Разведчик, единственный из белых, кому были понятны слова песен, переменил свою задумчивую позу и склонил голову набок, чтобы получше расслышать плакальщиц. Но когда они завели речь о будущем Коры и Ункаса, он покачал головой, как человек, сознающий всю ложность их наивных верований, вновь оперся на ружье и оставался в этом положении до самого конца церемонии, если можно назвать так обряд, проникнутый столь искренним и глубоким чувством. К счастью, ни Хейуорд, ни Манроу не понимали смысла слов, иначе им нелегко было бы сохранить самообладание.

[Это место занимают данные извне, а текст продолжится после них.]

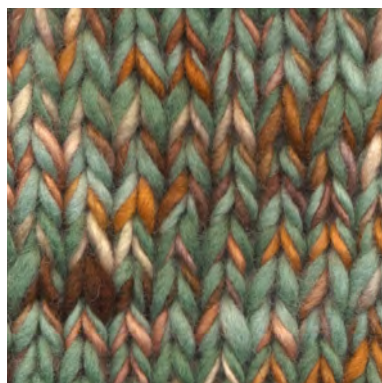
MCM-8891 / MCM-2302
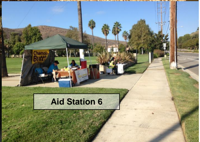
Aid Station 6
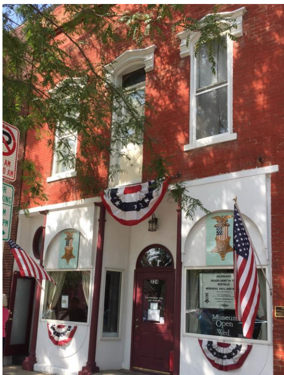
Michigan's GAR Memorial Hall & Museum, 224 S. Main, Eaton Rapids, MI. 48827. Phone: (517)694-9394 Website: garmuseum.weebly.com

Just to the East of the GAR Hall, located in the Middle of the Grand River is an island park. At the request of the Brainerd GAR Post, the city agreed to change the name of the island to GAR Island Park in 1909. From 1909 to 1929 the park was used as the meeting place for the annual week long encampments of the Eaton County Battalion of the GAR. The annual encampments continued until 1929 when there were too few Civil War Veterans to carry on and
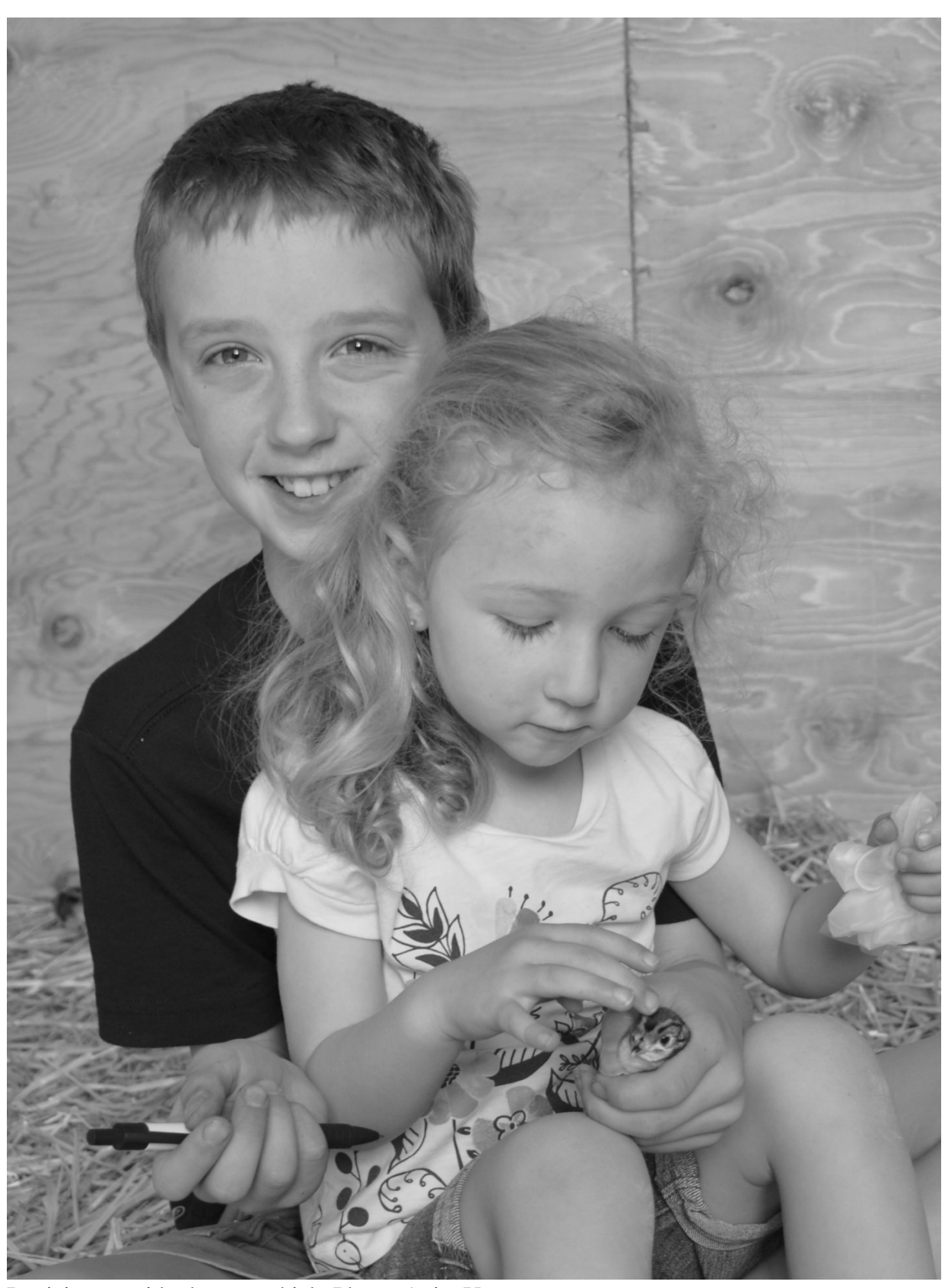
Participants with pheasant chick.
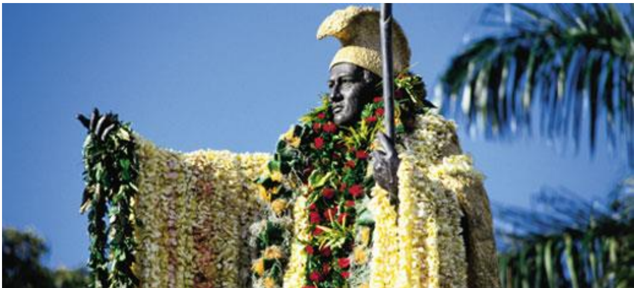
King Kamehameha

*If a holiday falls on a Sunday, the day following is observed as the legal holiday.
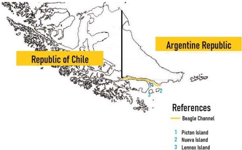
Image N° 2. Picton, Lennox and Nueva, Islands of the Beagle Channel with their sovereignty in dispute until 1984

Therefore, it is possible to argue that just until the signing of the Tratado de Paz y Amistad in 1984, which had a strong and positive impact on the improvement of the bilateral relations of both countries (Church, 2008), the relationship between Argentina and Chile was defined as having a high level of pugnacity because of the conflicts related to the definition of the territorial delimitation between them. The main territorial dispute was linked to the so-called “Beagle Conflict”, that is, the impossibility of reaching an agreement regarding the sovereignty of the Nueva, Picton and Lennox Islands.
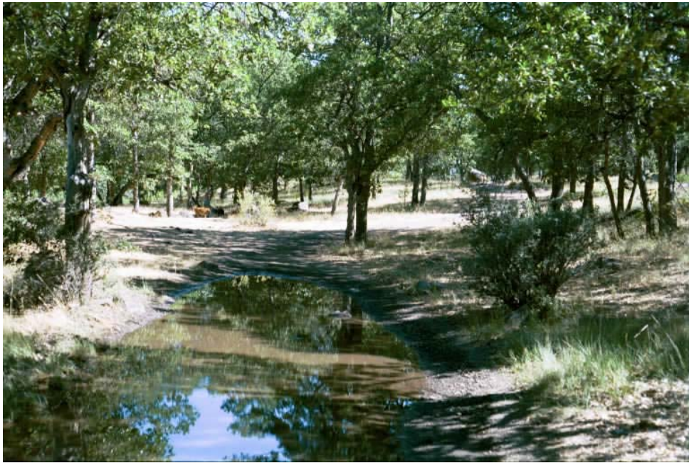
Stateline take-out (PacifiCorp and BLM)
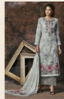
Z - 6C
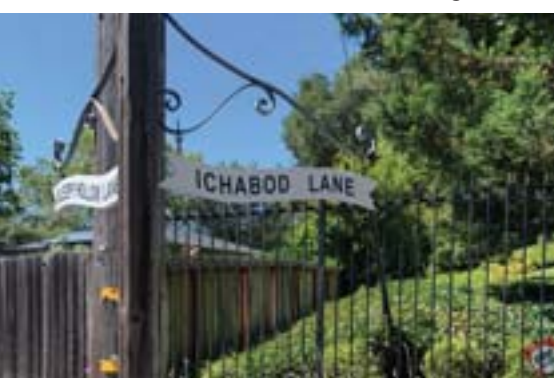
5BD | 3 BA | 2,587± SF | 1.28± AC | $1,595,000 Incredible Sleepy Hollow custom set on an oak studded view lot showcasing walls of glass, a remodeled kitchen / family room, and a rear patio with a spacious hot tub.
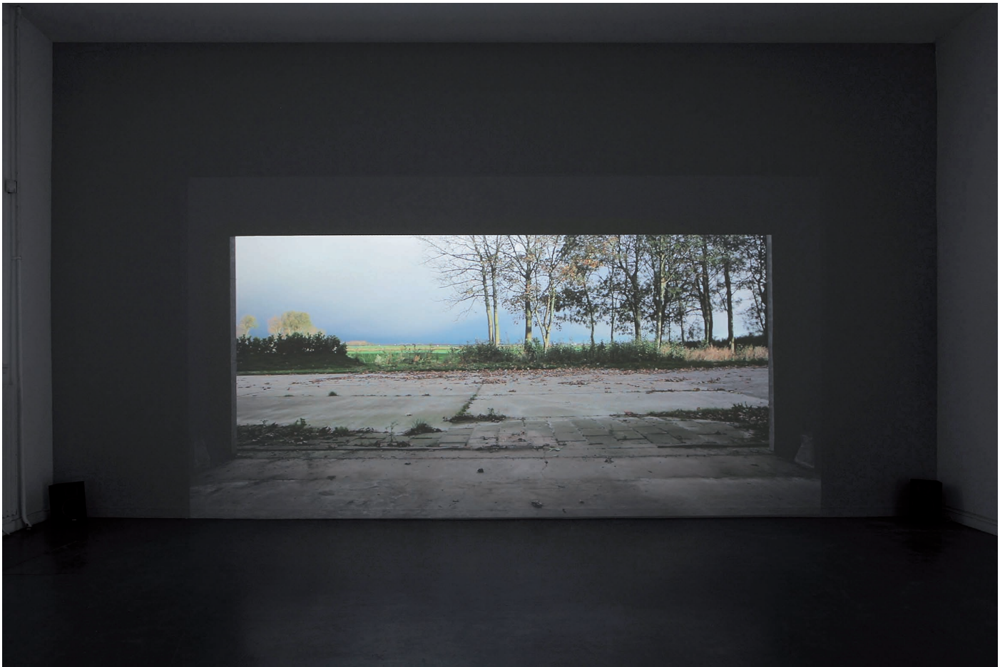
Exhibition view, Graduation Show Piet Zwart Institute Master Media Design and Communication Tent, Rotterdam 28.06.2013 – 25.08.2013
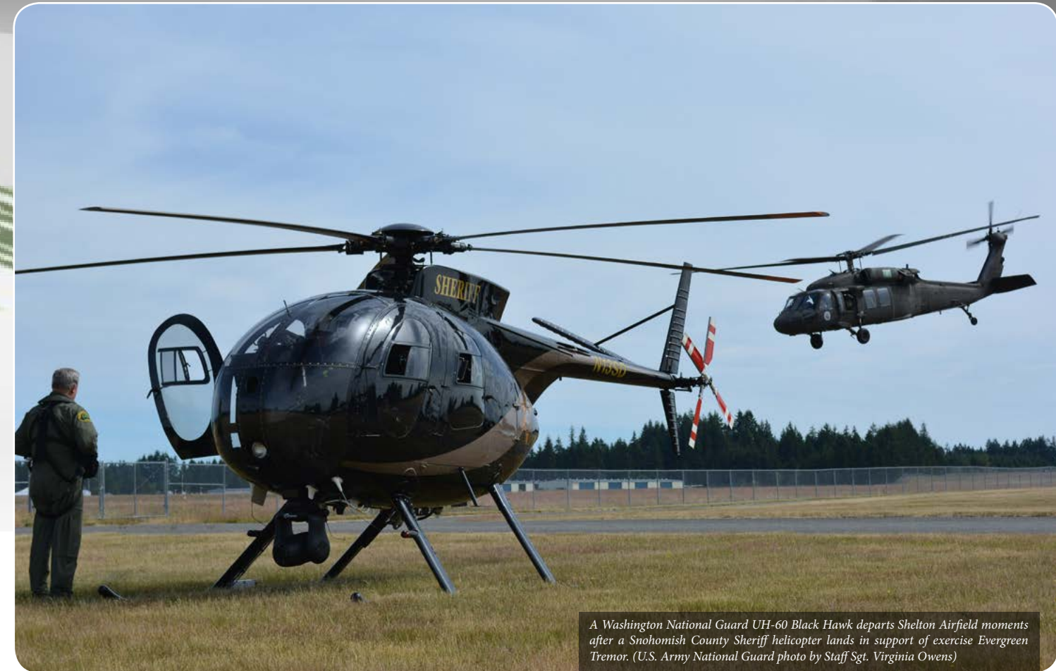
A Washington National Guard UH-60 Black Hawk departs Shelton Airfield moments after a Snohomish County Sheriff helicopter lands in support of exercise Evergreen Tremor.

The exercise also tested some broader interoperability concepts: communications systems, distribution of supplies and effectiveness of command and control points on various sized bases throughout the state.
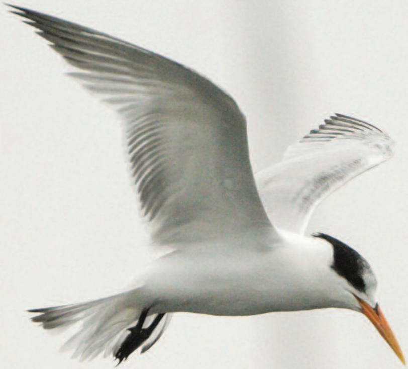
Figure 4. Elegant Tern over Black Rock Canal from Squaw Island Park, Buffalo, NY, on 21 November 2013.
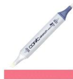
Copic Sketch Marker R35 CORAL
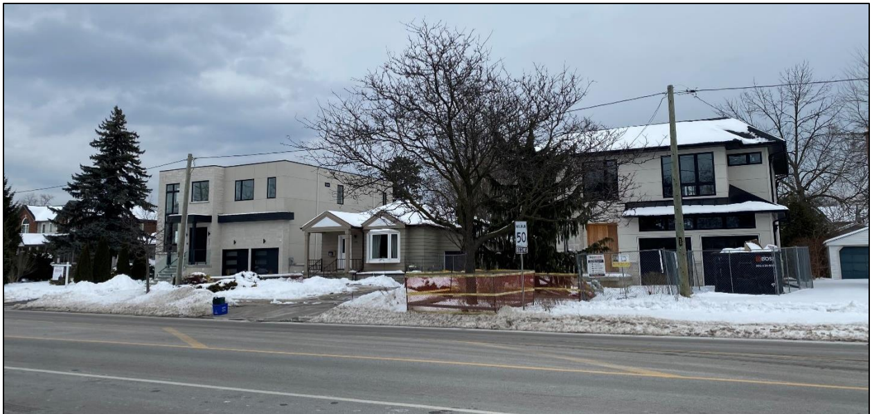
Lands to the East – 2346, 2350 and 2354 Rebecca Street

The following images are of adjacent dwellings and other dwellings along Rebecca Street.
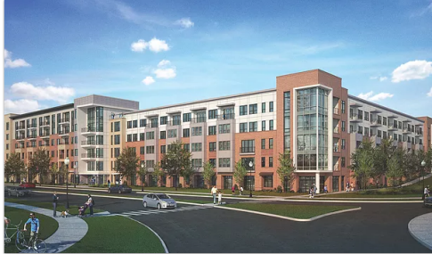
Odenton Town Center Odenton, MD

Located among the rapid development near Ft. Mead in Odenton Maryland, this new project on Town Center Boulevard will be a signature feature to this neighborhood. Featuring 270, well-appointed units with a mix of Studios - 2 bedrooms. Premium amenity spaces will include an active courtyard with pool, fitness center, game rooms, lounges, media lounges, screened poolside cabana, business center and much more. This building will elegantly cater to the renter of today, with a variety of options and perks.
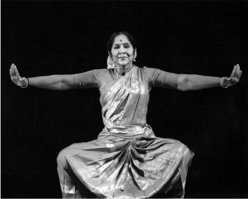
Figure 8: Balasaraswati performing an alarippu.

self even in abstract phases with no dramatic content; Rukmini Devi's interest in precision appears in expressive as well as rhythmic material.
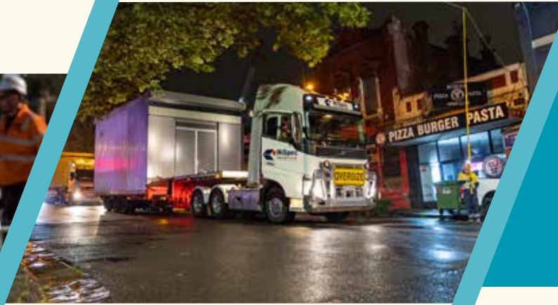
Prefabricated Union Station building is transported to site
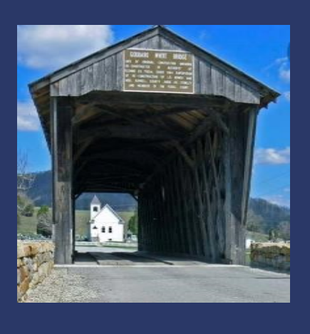
For a full Calendar of Events, please check out the Fleming County Chamber of Commerce website at: www.flemingkychamber.com

The Museum will be open on Wednesday from 10am to 4pm Saturdays from 12pm to 4pm
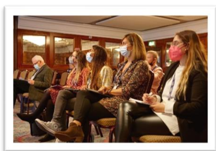
Attendees at the 2021 Annual Conference

As a result of the Covid19 pandemic, Eaquals postponed the annual conference for 2020 and this finally took place on 21 st -23 rd October 2021 at the Europa Hotel in Belfast and was run as a hybrid event with the conference also being accessible online.
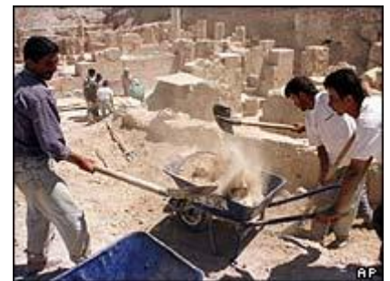
Iraq has long been the site of some of the most important historical finds
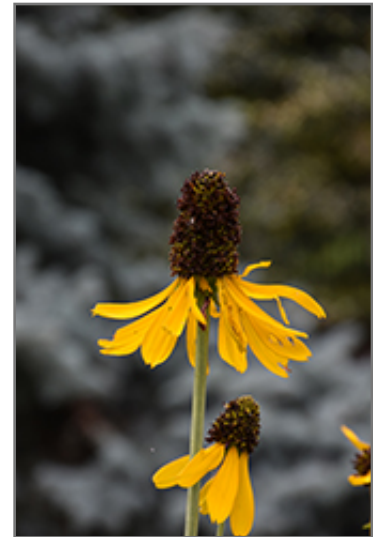
Giant Coneflower flowers

Our Growing Place Choice plants are chosen because they are strong performers year after year, staying attractive with less maintenance when planted in the right place.
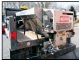
(1) OF (3) ALUMINUM SPREADERS

Snow Maintenance Equipment: WESTERN 8' Poly Plow with Ultra-Mount frame, lights, and controls • (1) BUYERS Stainless Steel Salt Spreader with gas engine and cab controls • (2) WESTERN Stainless Steel Salt Spreaders with gas engines and cab controls
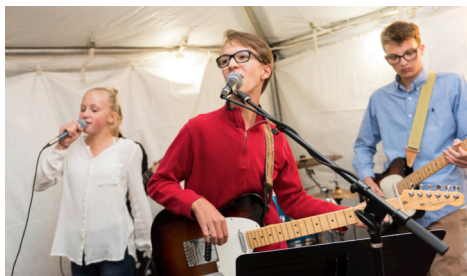
612LIVE had guests dancing, clapping and cheering for more. For more photos, visit: www.lindenhills.org/TasteofLH
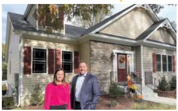
Bello Machre's Central Lane Home financed by the Community Bank of the Chesapeake.

Bello Machre is pleased to announce a $50,000 charitable giving commitment from Community Bank of the Chesapeake (CBTC), payable over the next three years. CBTC's gift to Bello Machre is the latest in its four-year giving history to the organization. When this latest commitment is completed, CBTC will have contributed nearly $90,000 since 2017, in support of Bello Machre's Every Step Counts, Golf Tournament, and 50th Anniversary Celebration.

Чингачгук был единственным исключением в толпе туземцев, проявлявшей самый живой интерес к обряду. На протяжении всей сцены глаза его ни на миг не оторвались от сына, и ни один мускул не дрогнул на его суровом лице даже во время самых громких или трогательных причитаний. Для него существовали сейчас на свете лишь холодные, безжизненные останки сына, и все остальные чувства его словно застыли, дабы глаза могли в последний раз запечатлеть черты, которые он так долго любил и которые ныне навсегда скроются от него.

В эту минуту из толпы медленно выступил воин, прославленный боевыми подвигами, особенно своими заслугами в последнем сражении, и с суровым, мрачным видом встал рядом с усопшим.